▶ Work item
Write the records out exactly as shown. No pictures.

Stored items:
========
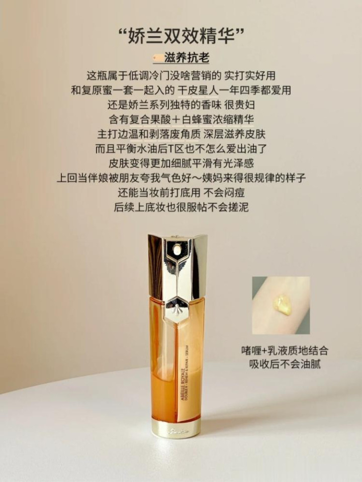 个人觉得这支很适合油皮,我T区出油蛮多的,毛孔粗大,这支精华是通过调理角质,让皮肤更加细腻平滑,一边是啫喱质地,一边是乳液质地,两个混在一起清爽一点不粘腻,干皮建议和复原蜜搭配着用,脸蛋摸起来是滑溜溜的,还带着自然的光泽感。
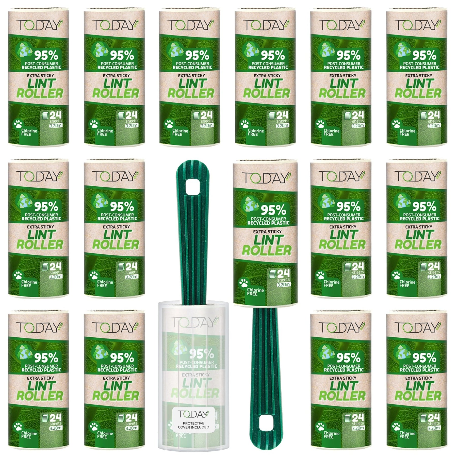 - [ EFFIZIENT ]: Extra-klebriger Fussel-Entferner für die manuelle Entfernung aller Arten von Haaren, Fusseln, Staub und Schmutz. Rolle mit vorgeschnittenen diagonalen Klebestreifen zum schnellen und einfachen Entfernen. 24 Blätter pro Rolle für eine lange Nutzung
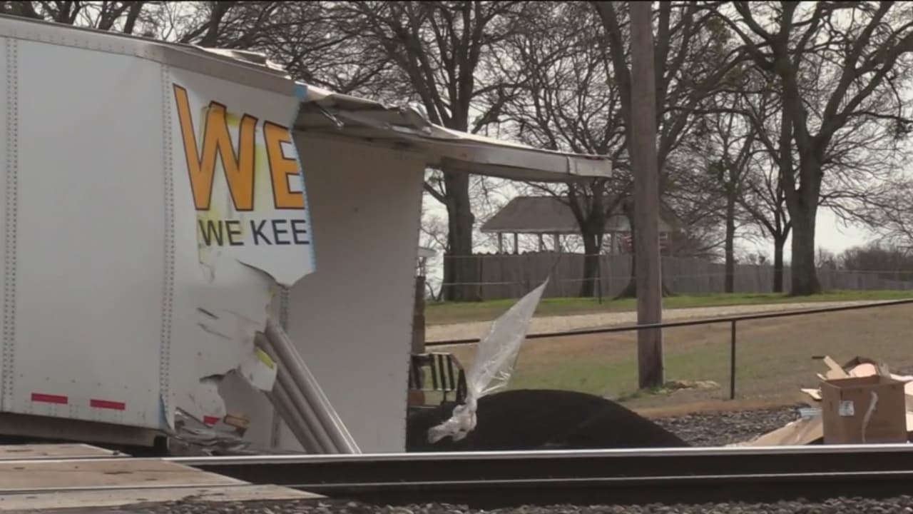 El impactante choque entre un tren y un camión de 18 ruedas que quedó atascado en medio de las vías
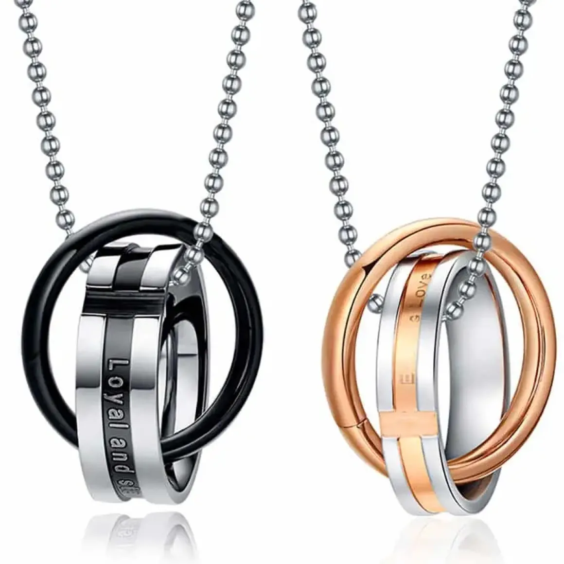 2 flotte matchende parsmykker i rudtfrit stål forgyldt og blackcoat.
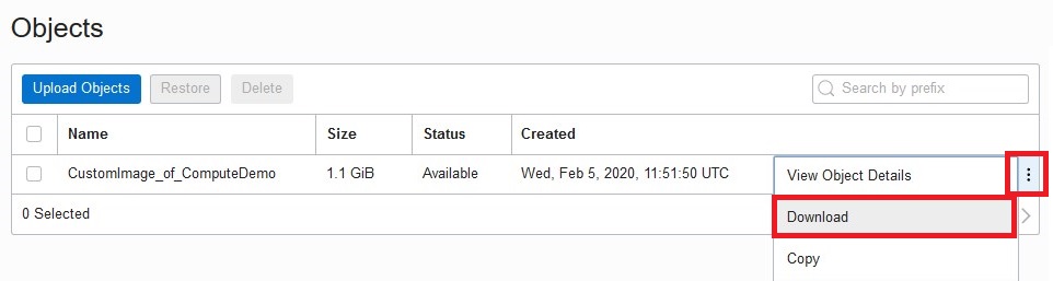 From the Bucket Details Page click on the menu on the right side and then on “Download”.
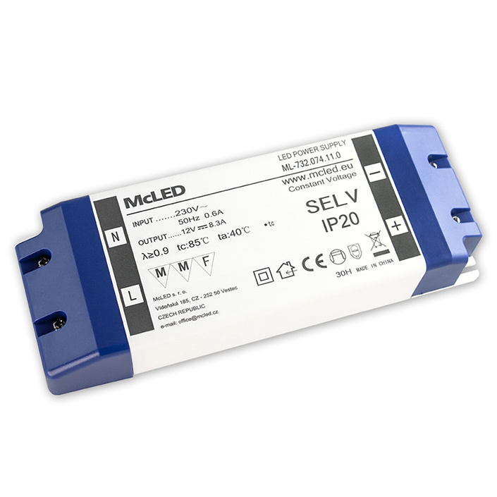 MCLED ZDROJ NAPÁJ. 100W DC12V/8,3A IP20 PLASTOVÉ PROVEDENÍ SE SVORKOVNICÍ ML-732.074.11.0
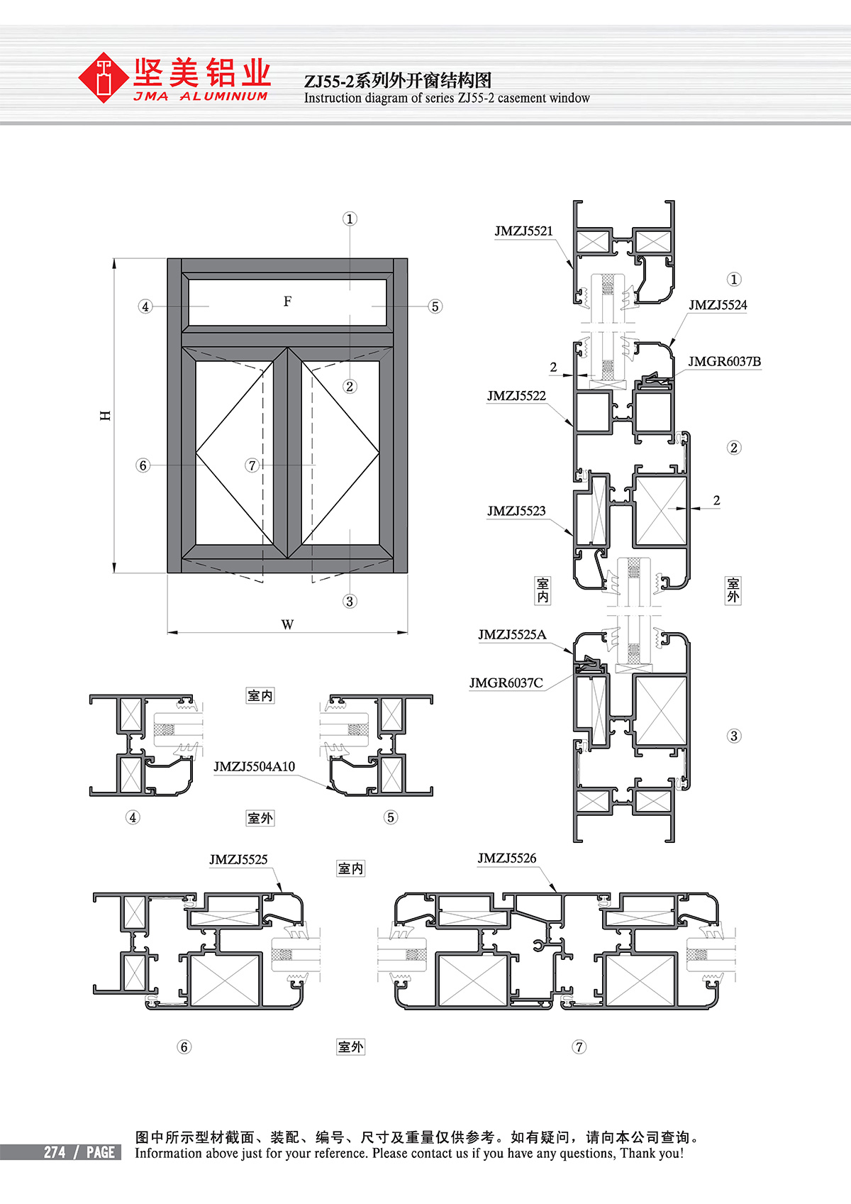 Casement window sections Z.J55 series
========
▶ Result of the exercise
 个人觉得这支很适合油皮,我T区出油蛮多的,毛孔粗大,这支精华是通过调理角质,让皮肤更加细腻平滑,一边是啫喱质地,一边是乳液质地,两个混在一起清爽一点不粘腻,干皮建议和复原蜜搭配着用,脸蛋摸起来是滑溜溜的,还带着自然的光泽感。
 - [ EFFIZIENT ]: Extra-klebriger Fussel-Entferner für die manuelle Entfernung aller Arten von Haaren, Fusseln, Staub und Schmutz. Rolle mit vorgeschnittenen diagonalen Klebestreifen zum schnellen und einfachen Entfernen. 24 Blätter pro Rolle für eine lange Nutzung
 El impactante choque entre un tren y un camión de 18 ruedas que quedó atascado en medio de las vías
 2 flotte matchende parsmykker i rudtfrit stål forgyldt og blackcoat.
 From the Bucket Details Page click on the menu on the right side and then on “Download”.
 MCLED ZDROJ NAPÁJ. 100W DC12V/8,3A IP20 PLASTOVÉ PROVEDENÍ SE SVORKOVNICÍ ML-732.074.11.0
 Casement window sections Z.J55 series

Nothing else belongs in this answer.